Your reply should reproduce each entry exactly and contain no pictures.

■ Given records
##########
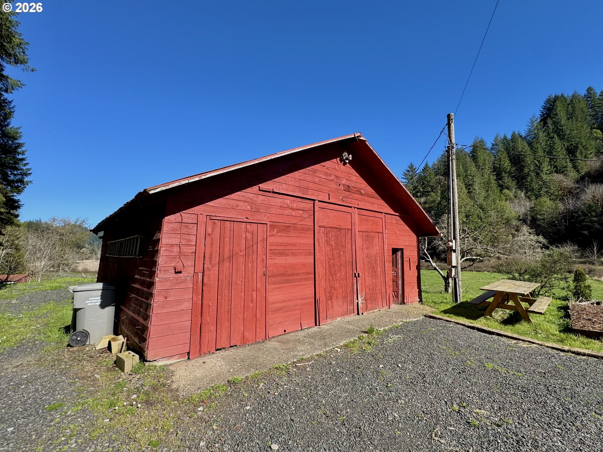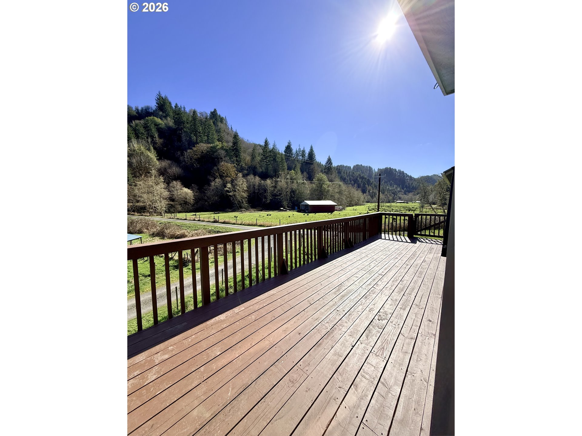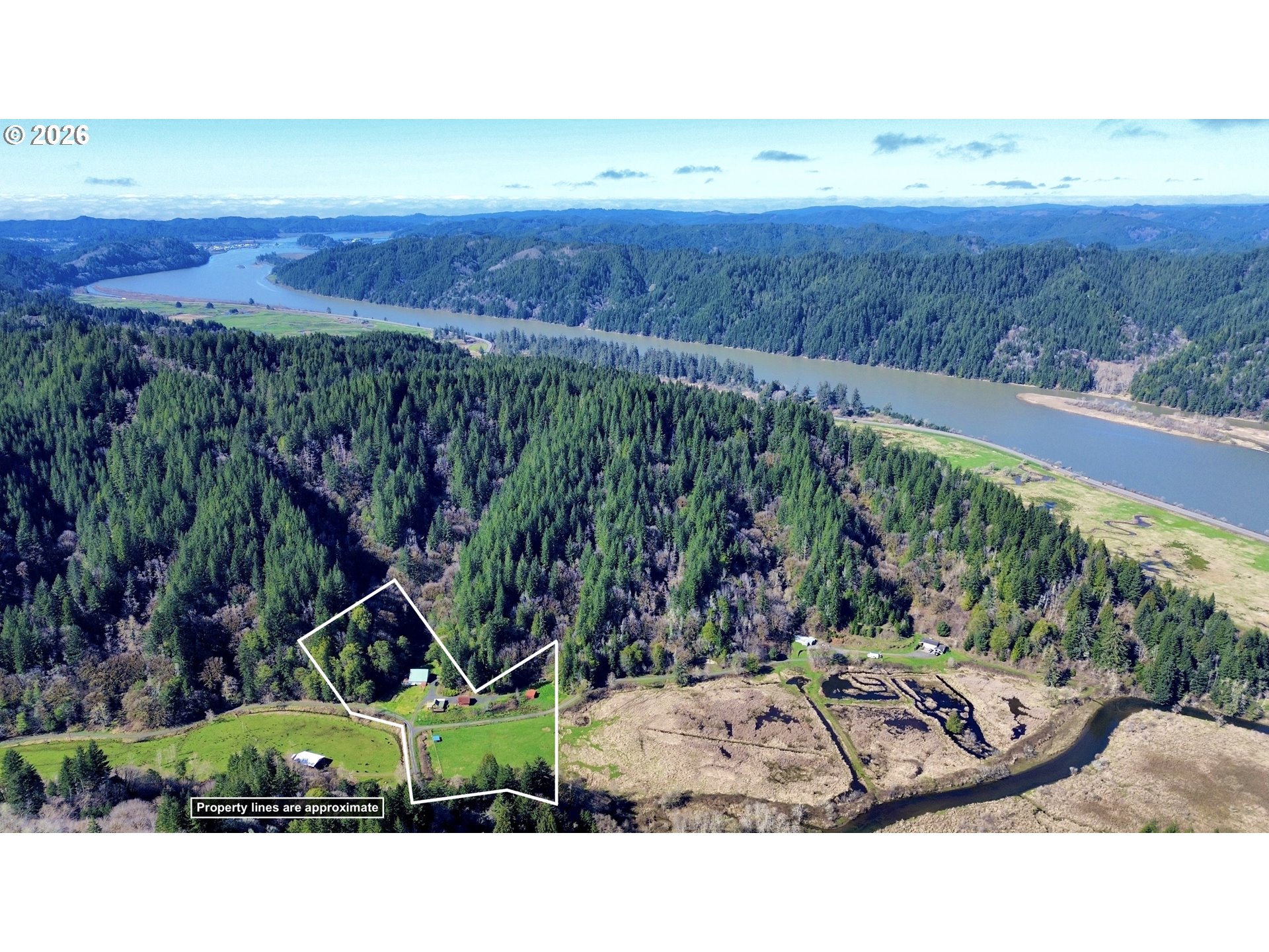 Tucked into the scenic Lower Umpqua River Basin, this private 6.32-acre farmstead offers a rare blend of natural beauty, productive land, and peaceful rural living. Surrounded by forested hills and abundant wildlife, the 2-bedroom, 2-bath home with 1,444 sq ft sits above the valley overlooking pasture, orchard, and creek. A year-round creek (Hakki Creek) winds through the property, creating a picturesque setting beside the massive two-story barn with power and five horse stalls. The land is thoughtfully developed for country living with fully fenced gardens and two lower fenced pastures for livestock, along with an established orchard featuring approximately 80 fruit trees, including apples, pears, peaches, plums, grapes, and kiwi. Outbuildings offer exceptional versatility with a shop with power, produce & meat locker building, chicken coops, and two loafing sheds (one powered). An irrigation well dedicated to agricultural use supports the farm while a separate domestic well services the home. Wildlife is a daily experience here. The property sits next to the Dean Creek Elk Reserve, where herds of Roosevelt elk are frequently seen roaming the surrounding valley. The nearby Umpqua River and wetlands provide a well-known bird sanctuary habitat, attracting a variety of waterfowl, raptors, and migratory birds throughout the year. Inside, the home features fresh interior updates, updated electrical, and a permitted pellet stove heating system. Relax on the deck overlooking the countryside, or step outside to enjoy the orchard, gardens, and creekside setting. With room for horses, tractors, farm equipment, ATVs, boats, and RV parking, this property is ideal for hobby farming, homesteading, or a peaceful rural retreat just minutes from Reedsport schools, shopping, and the Oregon Coast.
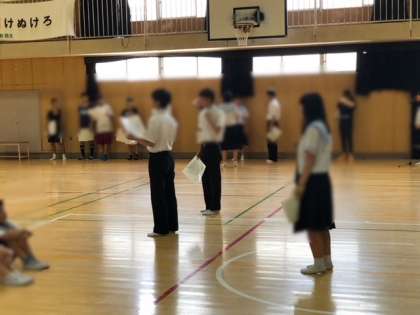 体育館では、中学校のお兄さんお姉さんが、出迎えてくれました。中学校生活について説明してくれました。
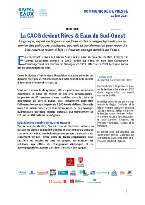 Institutionnels 19 juin 2024 - 16:12 Le groupe, expert de la gestion de l’eau et des ouvrages hydrauliques au service des politiques publiques, poursuit sa transformation pour répondre à sa nouvelle raison d’être : « Pour un partage durable de l’eau ». PDF (3 Mo) Télécharger
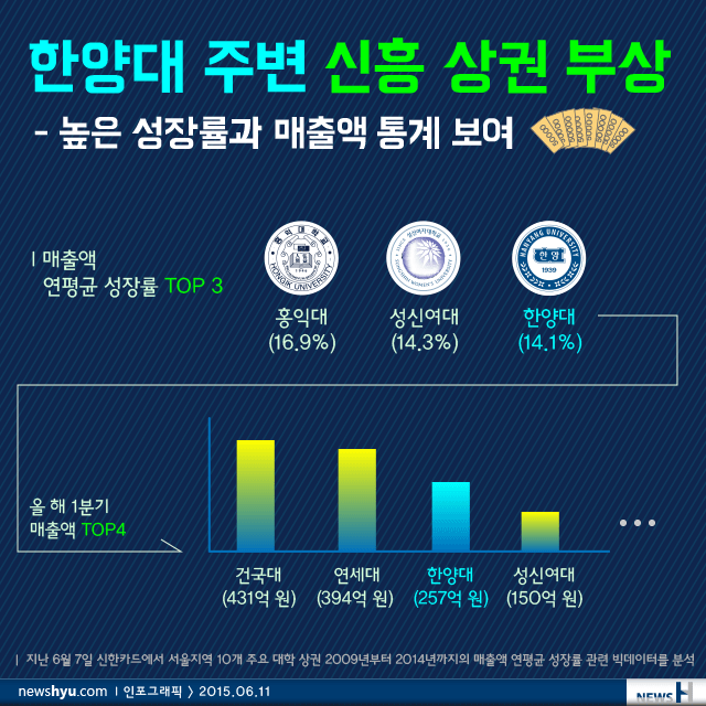 지난 6월 7일 신한카드는 서울지역 10개 주요 대학 상권 2009년부터 2014년까지의 매출액 연평균 성장률 관련 빅데이터를 분석했다. 이 결과에 따르면 한양대는 홍익대(16.9%), 성신여대(14.3%)에 이어 세 번째로 높은 14.1%의 매출액 연평균 성장률을 기록했다.
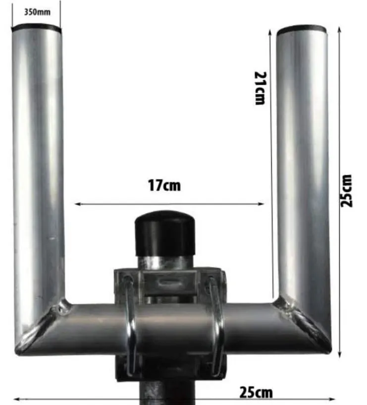 Rajout d un U en alu de 25cm Ø 35mm prévu pour la pose de 2 antennes , en lieu et place d’un bout de tube à l’arrière de la parabole pour supporter l’antenne Helix 13 , ( en photo ci dessous )
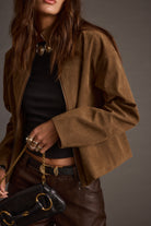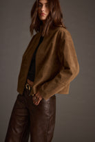 The Sienna Brown Vegan Suede Jacket is your new season staple. Smooth vegan suede, sleek seam detailing, and functional pockets make it easy to throw on over everything from dresses to denim.
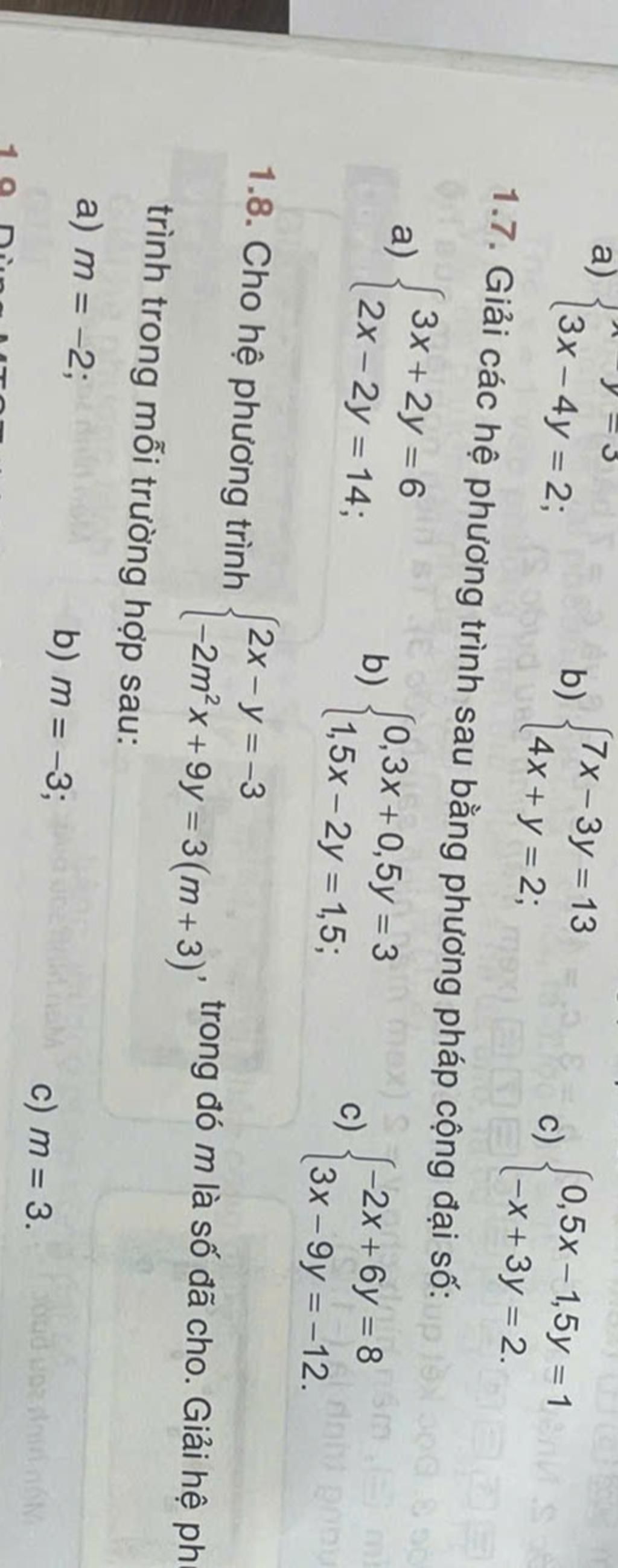 `{(0.3x+0.5y=3 (1)),(1.5x-2y=1.5):}`
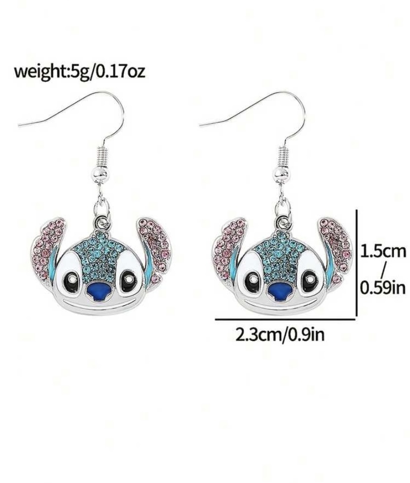 2 Pieces, A Pair Of Authorized Disney "The " Crystal Earrings, Stitch Creative Earrings, Fashionable Anime Accessory Gifts Suitable For Girl
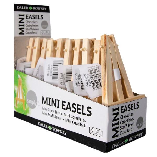 Display miniature works of art with Simply Mini Easels. Each easel is constructed from real wood and features a fold-out back leg to stand it up for display. Easels measure approximately 5 inches tall. The perfect accessory for Simply Mini Canvases, 1582835.
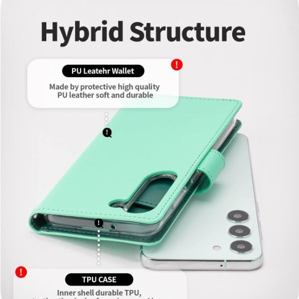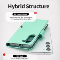 The Goospery Rich Diary Case for the Samsung Galaxy S23 in Mint offers a blend of style and functionality. Made from premium synthetic leather, it provides full protection against scratches and drops. The case features a magnetic clasp for secure closure and card slots for added convenience, making it perfect for carrying essential cards and cash. The precise cutouts ensure easy access to all ports and buttons. Its slim design maintains the phone's sleek profile while adding a touch of elegance with its mint color. Overall, this case combines practicality with a sophisticated aesthetic.
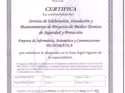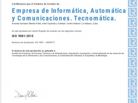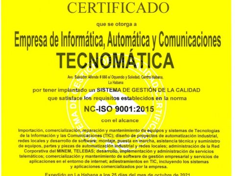 Certificado de Sistema de Gestión de la Calidad otorgado por La Oficina Nacional de Normalización a Tecnomática por tener implantado el mismo ofreciendo los
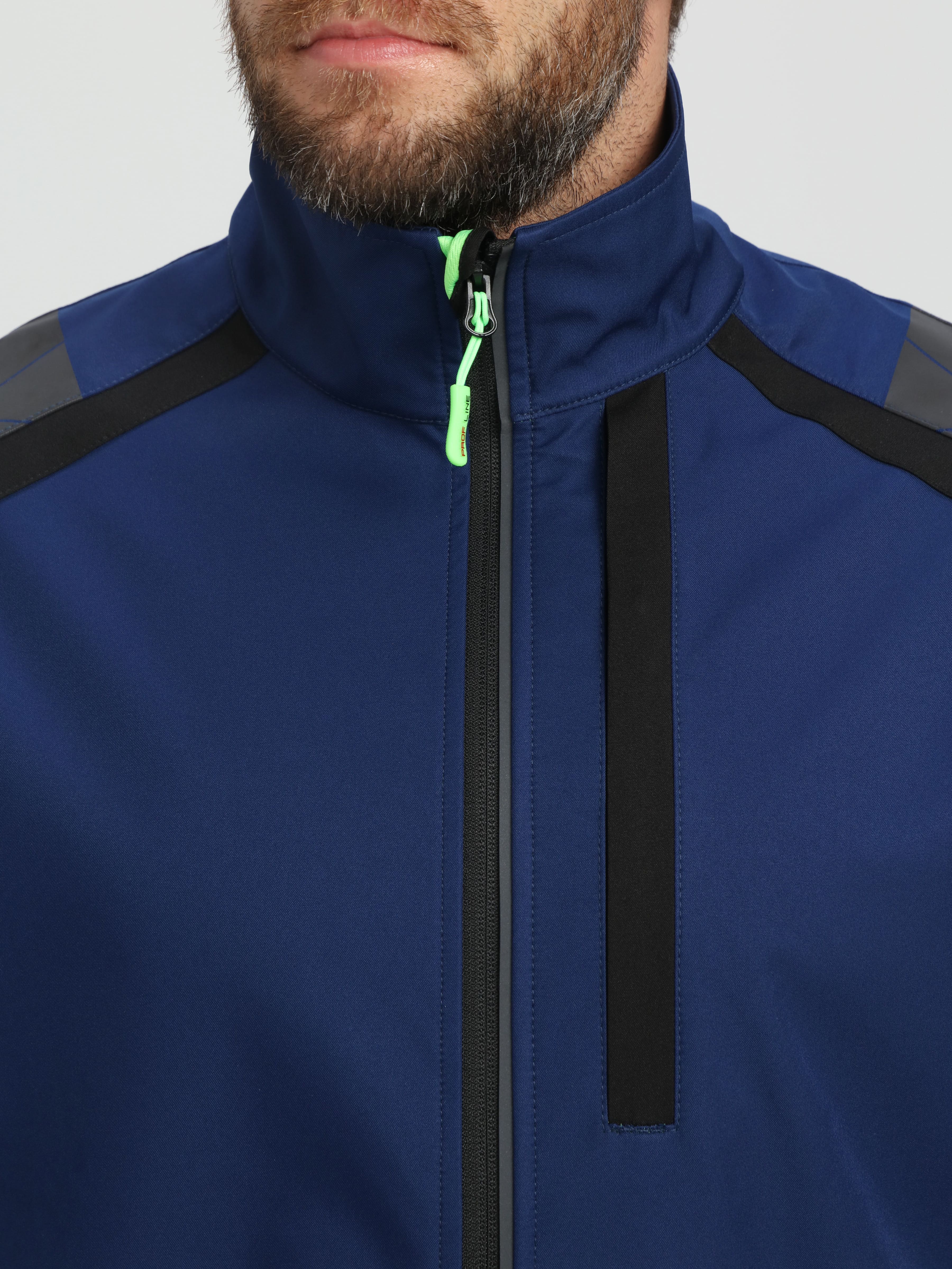- с центральной застежкой молнией и светоотражающей вставкой по левой стороне
##########
■ Response to this task
 Tucked into the scenic Lower Umpqua River Basin, this private 6.32-acre farmstead offers a rare blend of natural beauty, productive land, and peaceful rural living. Surrounded by forested hills and abundant wildlife, the 2-bedroom, 2-bath home with 1,444 sq ft sits above the valley overlooking pasture, orchard, and creek. A year-round creek (Hakki Creek) winds through the property, creating a picturesque setting beside the massive two-story barn with power and five horse stalls. The land is thoughtfully developed for country living with fully fenced gardens and two lower fenced pastures for livestock, along with an established orchard featuring approximately 80 fruit trees, including apples, pears, peaches, plums, grapes, and kiwi. Outbuildings offer exceptional versatility with a shop with power, produce & meat locker building, chicken coops, and two loafing sheds (one powered). An irrigation well dedicated to agricultural use supports the farm while a separate domestic well services the home. Wildlife is a daily experience here. The property sits next to the Dean Creek Elk Reserve, where herds of Roosevelt elk are frequently seen roaming the surrounding valley. The nearby Umpqua River and wetlands provide a well-known bird sanctuary habitat, attracting a variety of waterfowl, raptors, and migratory birds throughout the year. Inside, the home features fresh interior updates, updated electrical, and a permitted pellet stove heating system. Relax on the deck overlooking the countryside, or step outside to enjoy the orchard, gardens, and creekside setting. With room for horses, tractors, farm equipment, ATVs, boats, and RV parking, this property is ideal for hobby farming, homesteading, or a peaceful rural retreat just minutes from Reedsport schools, shopping, and the Oregon Coast.
 体育館では、中学校のお兄さんお姉さんが、出迎えてくれました。中学校生活について説明してくれました。
 Institutionnels 19 juin 2024 - 16:12 Le groupe, expert de la gestion de l’eau et des ouvrages hydrauliques au service des politiques publiques, poursuit sa transformation pour répondre à sa nouvelle raison d’être : « Pour un partage durable de l’eau ». PDF (3 Mo) Télécharger
 지난 6월 7일 신한카드는 서울지역 10개 주요 대학 상권 2009년부터 2014년까지의 매출액 연평균 성장률 관련 빅데이터를 분석했다. 이 결과에 따르면 한양대는 홍익대(16.9%), 성신여대(14.3%)에 이어 세 번째로 높은 14.1%의 매출액 연평균 성장률을 기록했다.
 Rajout d un U en alu de 25cm Ø 35mm prévu pour la pose de 2 antennes , en lieu et place d’un bout de tube à l’arrière de la parabole pour supporter l’antenne Helix 13 , ( en photo ci dessous )
 The Sienna Brown Vegan Suede Jacket is your new season staple. Smooth vegan suede, sleek seam detailing, and functional pockets make it easy to throw on over everything from dresses to denim.
 `{(0.3x+0.5y=3 (1)),(1.5x-2y=1.5):}`
 2 Pieces, A Pair Of Authorized Disney "The " Crystal Earrings, Stitch Creative Earrings, Fashionable Anime Accessory Gifts Suitable For Girl
 Display miniature works of art with Simply Mini Easels. Each easel is constructed from real wood and features a fold-out back leg to stand it up for display. Easels measure approximately 5 inches tall. The perfect accessory for Simply Mini Canvases, 1582835.
 The Goospery Rich Diary Case for the Samsung Galaxy S23 in Mint offers a blend of style and functionality. Made from premium synthetic leather, it provides full protection against scratches and drops. The case features a magnetic clasp for secure closure and card slots for added convenience, making it perfect for carrying essential cards and cash. The precise cutouts ensure easy access to all ports and buttons. Its slim design maintains the phone's sleek profile while adding a touch of elegance with its mint color. Overall, this case combines practicality with a sophisticated aesthetic.
 Certificado de Sistema de Gestión de la Calidad otorgado por La Oficina Nacional de Normalización a Tecnomática por tener implantado el mismo ofreciendo los
- с центральной застежкой молнией и светоотражающей вставкой по левой стороне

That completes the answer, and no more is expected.